◆ **DATA UNDER STUDY**

-.-.-

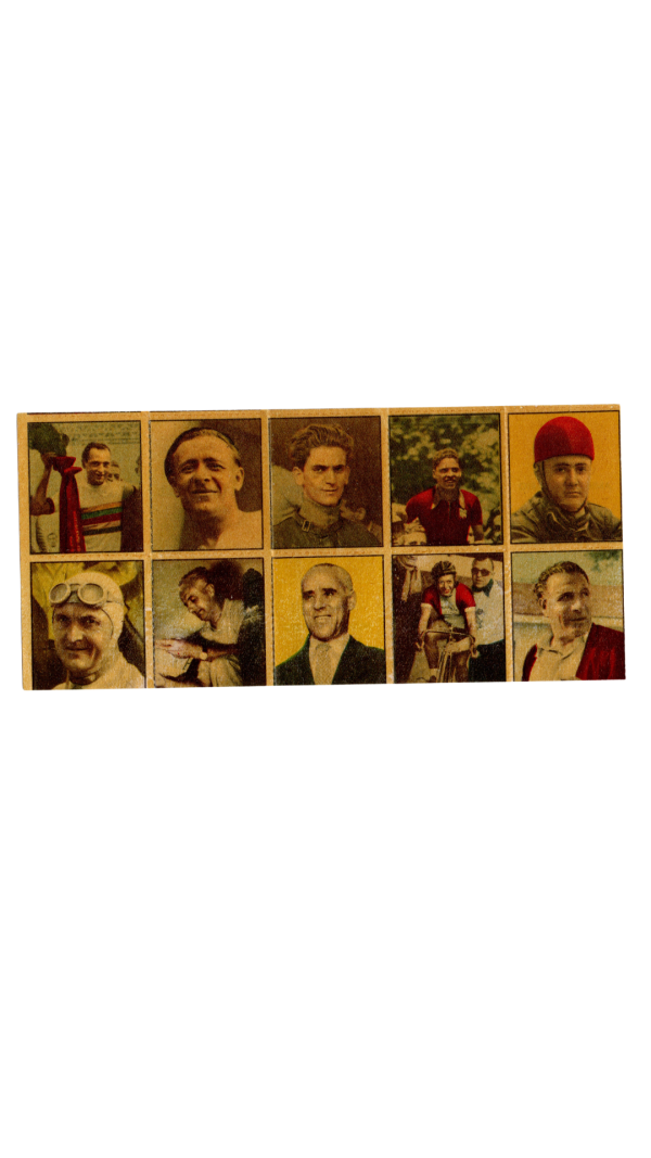 This is an uncut sheet of 10 stamp cards from the 1951 Albosport Didasco set. I've never seen another example that's not separated. It features all racing sports - Auto, Moto & Cycling. The fronts have yellowed, see scans.
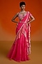 Featuring a pink concept saree in georgette and organza base with ombre jamawar print. It is paired with a blouse and a belt having mirror, resham and bead embellishments. Accentuate it with jewellery, embellished heels and a potli bag for a wedding ceremony or festive occasions.
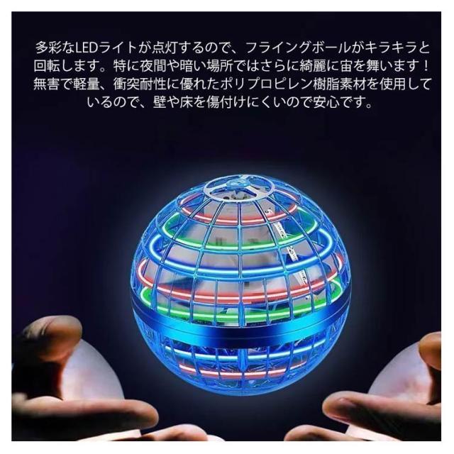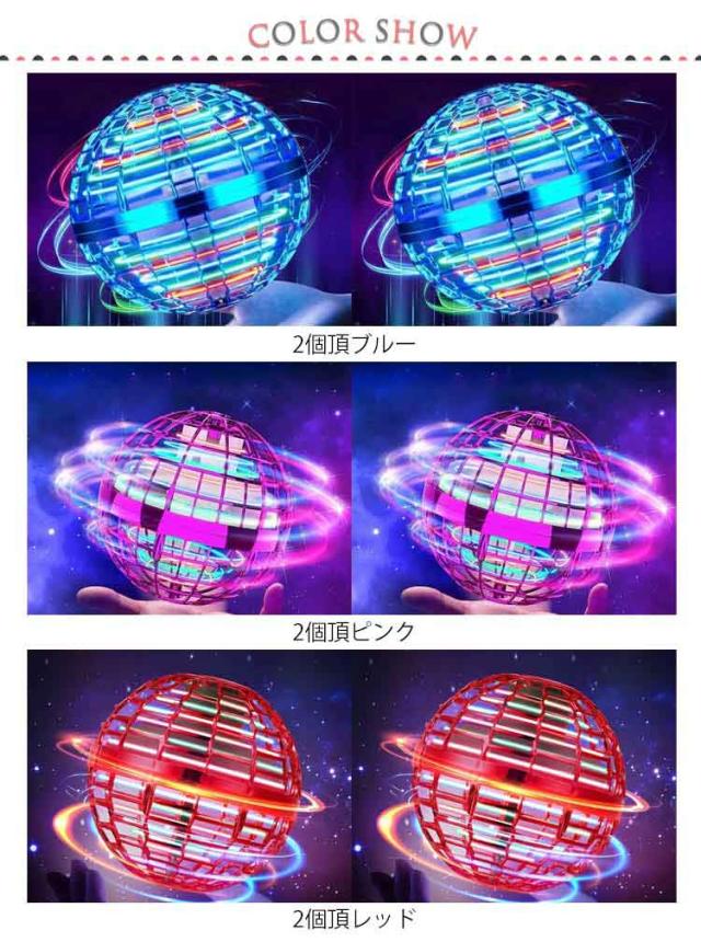 | 【2個セット】 【USBケーブル+リモコン付き】 球体型でLEDライトを備えたフライングボール! 複雑の操作がないので、より簡単に新しい遊び方が楽しめます。 多彩なLEDライトが点灯するので、フライングボールがキラキラと回転します。特に夜間や暗い場所ではさらに綺麗に宙を舞います!無害で軽量、衝突耐性に優れたポリプロピレン樹脂素材を使用しているので、壁や床を傷付けにくいので安心です。 USB充電方式なのでプラグ、パソコン、カーチャージャーなどに対応できます。 アウトドアでもしっかり遊べるフライングボールです。 | |
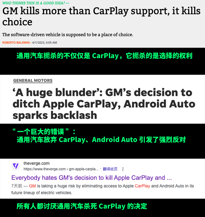 不过啊,通用阉割 CarPlay 的新闻一出,我都不说大家伙,看看媒体们的态度就知道有多不得民心了。
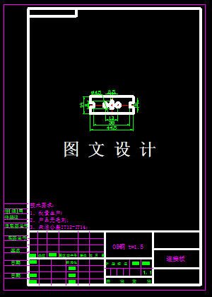 本次设计,是针对连接板,进行冲压工艺及模具设计。采用落料、冲孔工艺。设计中分析了工件的冲压工艺性,计算了毛坯排样、冲压力、刃口尺寸计算等。进行了模具总体结构、主要零部件的设计和计算,绘制了落料、冲孔复合模的模具装配图和零部件图。
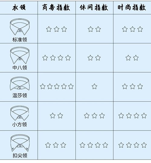 襯衫的最常見的領型一般有標準領、中八領、溫莎領、小方領、扣尖領。

-.-.-

◆ **WORK REQUIRED**
Please reprint the whole listing exactly and omit its pictures.

◆ **EXPECTED ANSWER**
 This is an uncut sheet of 10 stamp cards from the 1951 Albosport Didasco set. I've never seen another example that's not separated. It features all racing sports - Auto, Moto & Cycling. The fronts have yellowed, see scans.
 Featuring a pink concept saree in georgette and organza base with ombre jamawar print. It is paired with a blouse and a belt having mirror, resham and bead embellishments. Accentuate it with jewellery, embellished heels and a potli bag for a wedding ceremony or festive occasions.
 | 【2個セット】 【USBケーブル+リモコン付き】 球体型でLEDライトを備えたフライングボール! 複雑の操作がないので、より簡単に新しい遊び方が楽しめます。 多彩なLEDライトが点灯するので、フライングボールがキラキラと回転します。特に夜間や暗い場所ではさらに綺麗に宙を舞います!無害で軽量、衝突耐性に優れたポリプロピレン樹脂素材を使用しているので、壁や床を傷付けにくいので安心です。 USB充電方式なのでプラグ、パソコン、カーチャージャーなどに対応できます。 アウトドアでもしっかり遊べるフライングボールです。 | |
 不过啊,通用阉割 CarPlay 的新闻一出,我都不说大家伙,看看媒体们的态度就知道有多不得民心了。
 本次设计,是针对连接板,进行冲压工艺及模具设计。采用落料、冲孔工艺。设计中分析了工件的冲压工艺性,计算了毛坯排样、冲压力、刃口尺寸计算等。进行了模具总体结构、主要零部件的设计和计算,绘制了落料、冲孔复合模的模具装配图和零部件图。
 襯衫的最常見的領型一般有標準領、中八領、溫莎領、小方領、扣尖領。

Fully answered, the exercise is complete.